How would you like your cuts? Performed with a scalpel or a chainsaw? Done reluctantly and sensitively by people who will shield your local hospital and school from the blade, or by people who are foaming at the mouth with excitement at the prospect of reducing the size of the state? Peter Mandelson’s speech to Progress on Monday revealed the bare bones of Labour’s election strategy. By the weekend, the strategy has neither unravelled under Tory scrutiny, nor being fatally undermined by our own side briefing against it. If it can survive a week, perhaps at last we have a strategy which we can take into the election next May. Certainly Labour’s decision to make it ‘nice’ Labour cuts versus ‘nasty’ Tory cuts is more robust than the ‘investment versus cuts’ line which was the backdrop to our defeats in several elections since 2007.

If a life in politics teaches you anything, it is that people are not stupid. People want better public services, and overwhelmingly remain committed to state schools, the National Health Service and other collective services. Importantly, the salaried middle-classes – what the admen would call ABC1s – in Britain have not opted out of the NHS or local school in favour of private options. But people’s commitment is conditional. It rests on public services being fair and efficient, and it relies on standards being high and consistently improving.

That’s why New Labour’s crusade to reform public services was not only the right thing to do to cut waiting lists for operations, reduce class sizes, and put more police on the streets, but also the right thing to do politically, as an election-winning strategy. If that meant ministers were ritually booed and barracked at trade union conferences, then so much the better. There’s an enduring image of education secretary David Blunkett being surrounded by bawling, swivel-eyed Trotskyists at some education union conference, and I am pretty sure that most people watching would have sided with the minister over the mob. The nuances of education reform may be lost on most parents, but if the unions are angry, Labour must be doing something right.

Without a strong commitment to public service reform, few will trust Labour’s commitment to make the cuts without major pain. A Populus opinion poll in the Times this morning suggests that Labour is lagging behind on the major issues. On improving the NHS, the Tories lead Labour by three points (up 10). On improving standards in schools, the Tories lead by six points (up 11). They are 18 points ahead on ‘dealing with crime and anti-social behaviour’ (up 8). They also lead on managing the economy well, getting the balance right between tax and spending, tackling climate change, immigration, dealing with the recession, and representing Britain in the EU. Partly, this reflects the overall unpopularity of Labour. But the hard truth is that it also reflects the impression that Labour has rowed back on public service reforms, especially in the NHS and the ‘respect’ agenda to tackle anti-social behaviour, since 2007.

Reports started to appear such as this from the Telegraph on 26 July 2007, ‘Alan Johnson, the new Health Secretary, laid out his plans for the NHS yesterday, promising that the involvement of the private sector would be limited.

In a clear break with the Blair years, Mr Johnson announced there would not be an expansion of contracts with the private sector to provide operations for NHS patients after those in the pipeline had been approved.’

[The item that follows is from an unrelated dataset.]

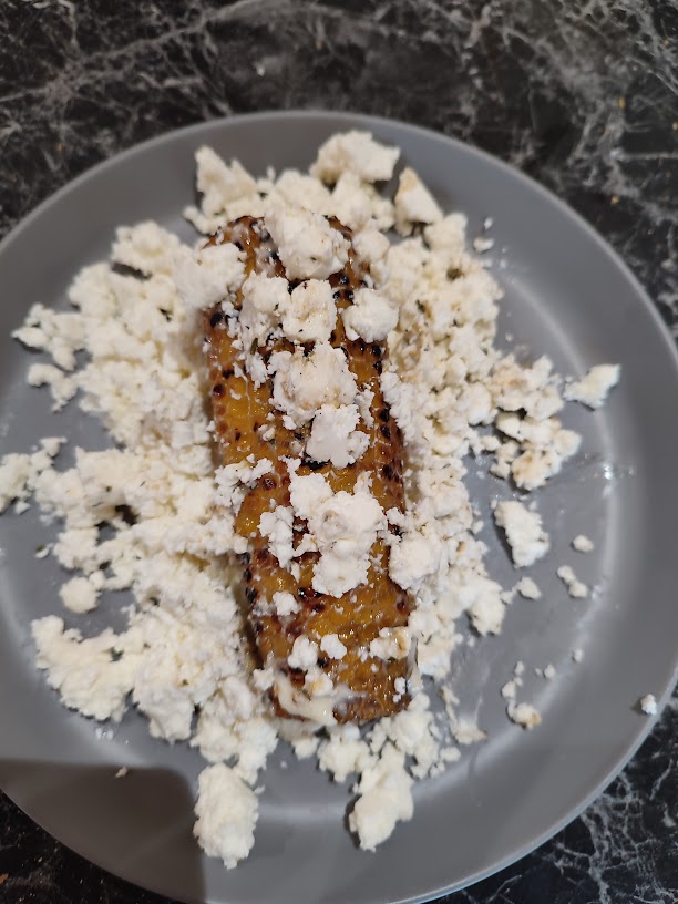 - Rol de maiskolven door de feta.
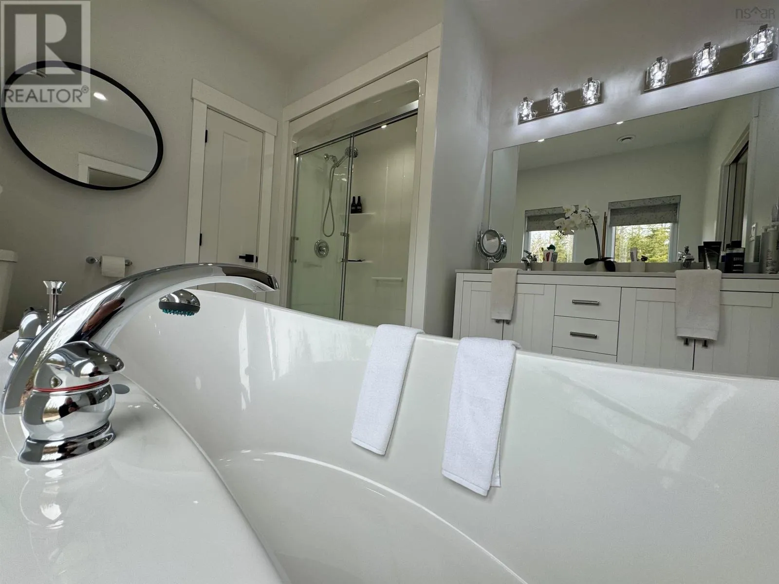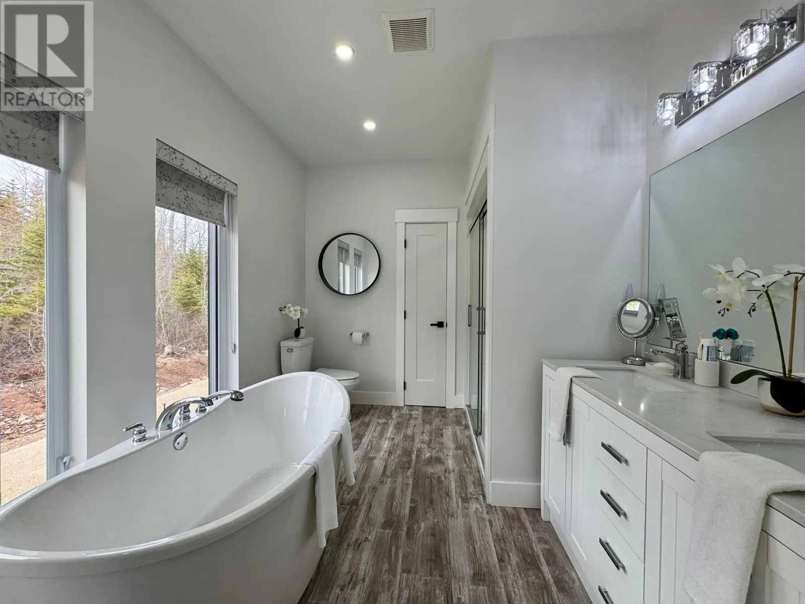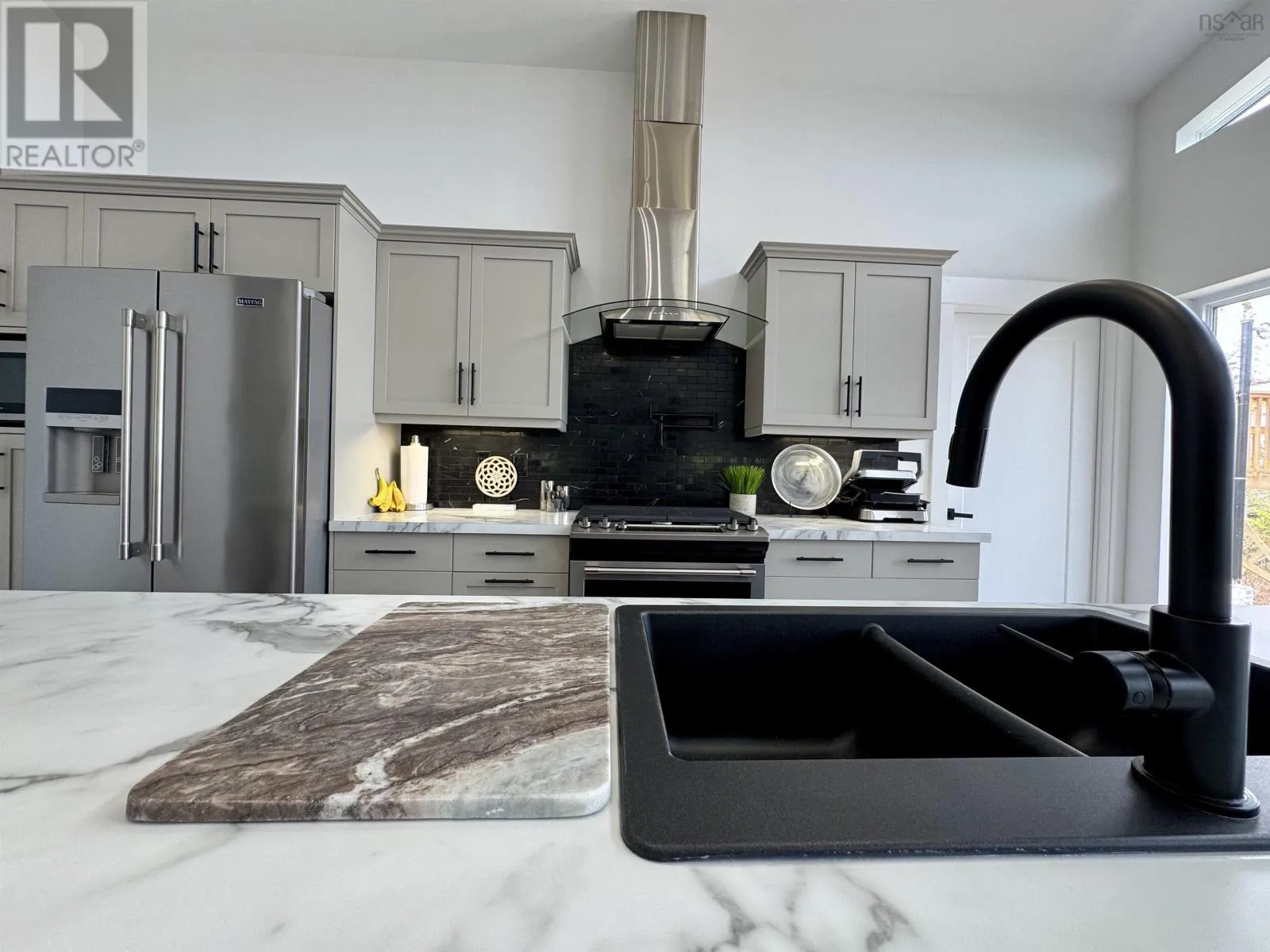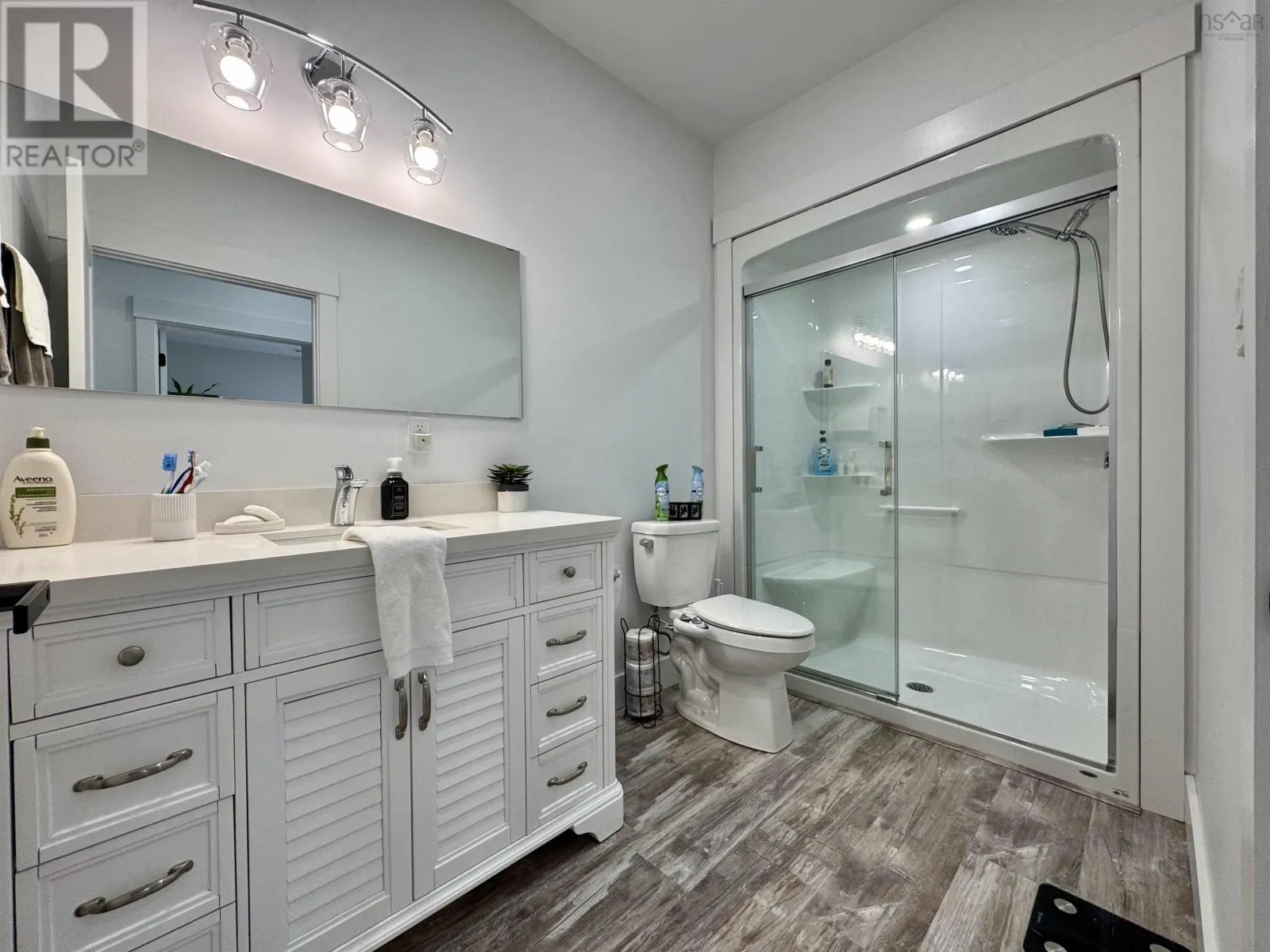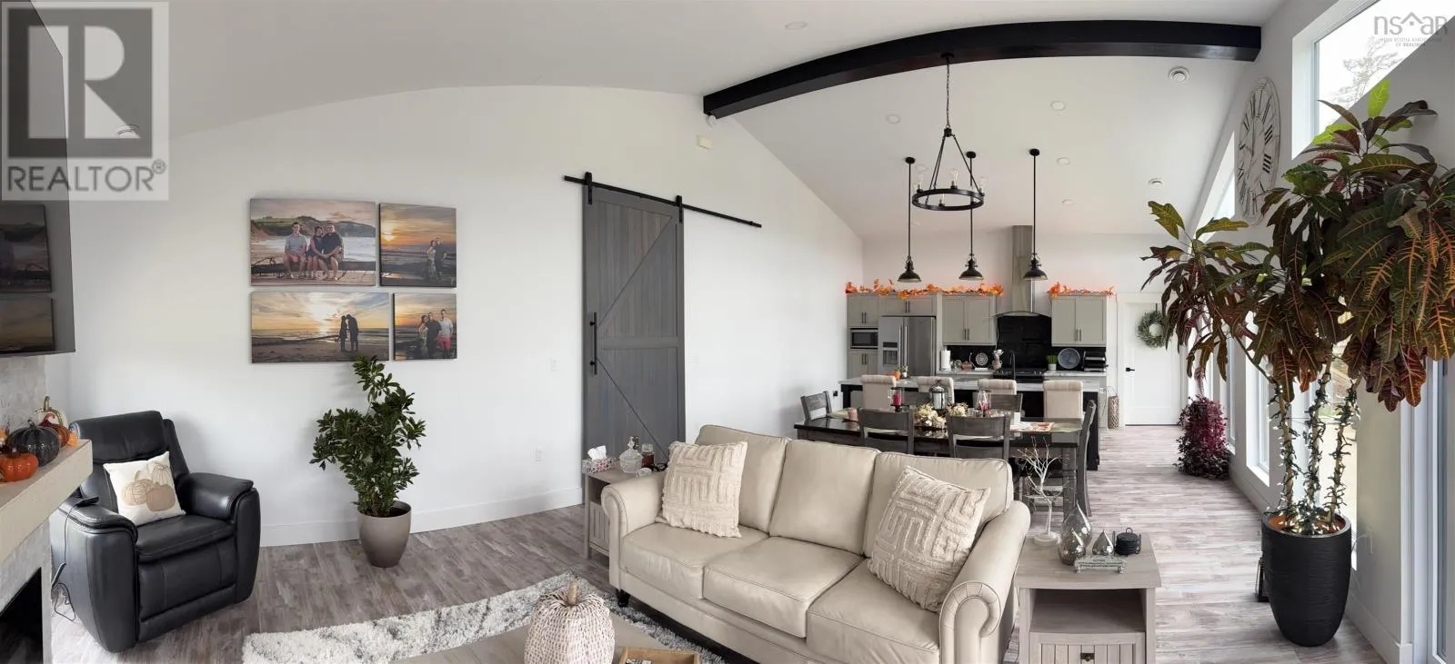 From Highway 104 take exit 46. Turn left onto Highway 320, Louisdale and keep right onto Grandique Ferry Rd. Look for sign. Experience the pinnacle of modern waterfront living in this striking two year old barndominium over looking the lake. In the main living area, soaring ceilings and sleek lines draw your eye to the wall to wall picture windows, flooding the open-concept living, dining, and kitchen areas with natural light as you overlook the water. The gourmet kitchen is a chefs dream, featuring high end stainless steel appliances and a generous island perfect for casual gatherings. During warmer times, enjoy the concrete patio that invites you to entertain or unwind waterside, completely free from neighboring views. After a long day the spectacular primary suite is a sanctuary designed for both comfort and style while recharging your batteries. The spa inspired en suite bath pampers you with a deep soaking tub as well as a glass enclosed shower. Dual vanities provide ample space for morning routines, while separate his and her walk in closets keep wardrobes organized. Two additional bright bedrooms share a full-service bathroom appointed with modern fixtures. Every detail of this home has been crafted for year-round comfort and efficiency. An in-floor propane heating system delivers soothing warmth underfoot during chilly months, while central air and heat maintain the perfect temperature in summer. Even the oven and dryer run on propane, marrying eco-friendly performance with cost-effective operation. And in the expansive 40'Ã40' attached shop there are endless possibilities for hobbyists, entrepreneurs, or car enthusiasts. Above the shop is a versatile loft space that can be transformed into a home gym, game room, art studio, or extra storage; tailor it to your lifestyle needs. Despite its secluded, country like setting, this exceptional property is less than five minutes from groceries, dining, and services, delivering convenience without compromising privacy. With municipal water and sewer services there is even more convenience and peace of mind. Schedule your private tour (id:27476)

Or this from the Guardian on 24 December 2007, ‘In a significant change since Gordon Brown took over from Blair, the government has closed down its Respect taskforce, and its head, the high-profile civil servant Louise Casey, has moved to a job inside the Cabinet Office looking at community policing.’

There was a clear endeavour to signal an end to New Labour’s public service reform. What was less clear was what Labour would do instead. It was a short-term tactic to show there was a new sheriff in town, but in the medium term it added weight to the Tories’ ‘roadblock to reform’ jibe, and worse, risked reversing New Labour’s hard-won improvements.

On the public services, if you take your foot off the gas, you don’t stand still, you go backwards. The public know full well that services aren’t always as good as they should be, and they can see wasted money and daft, inefficient systems. That’s why Peter Mandelson was right to highlight public service reform in his speech this week, alongside the need for ‘wise spending’.

He said ‘More recently, the government has emphasised the role of service guarantees and entitlements with means of redress available to individual citizens where services fall short. For example, the right to be seen within 18 weeks in the NHS or offered alternative provision. The right to see a cancer specialist within two weeks or go private on the NHS. The right to a health check.

These entitlements, backed up by the offer of an alternative provider, will ensure that future reforms build on the improvements of the last 12 years and there will be no going back. Our plans to create real rights and entitlements are the new frontier of public service reform.’

Without a radical programme of public service reforms, Labour will not have permission from the electorate to make cuts.

Alistair Darling meets his Cabinet colleagues in coming days to discuss how their departmental budgets can be cut. He should ask a simple series of questions: what is your programme for reform? How can you drive up standards and efficiency? How can you harness the private sector to challenge existing services? How can you extend choice to the citizen? What plans have you to pass power to local people?

Only then should Labour decide where to insert the scalpel.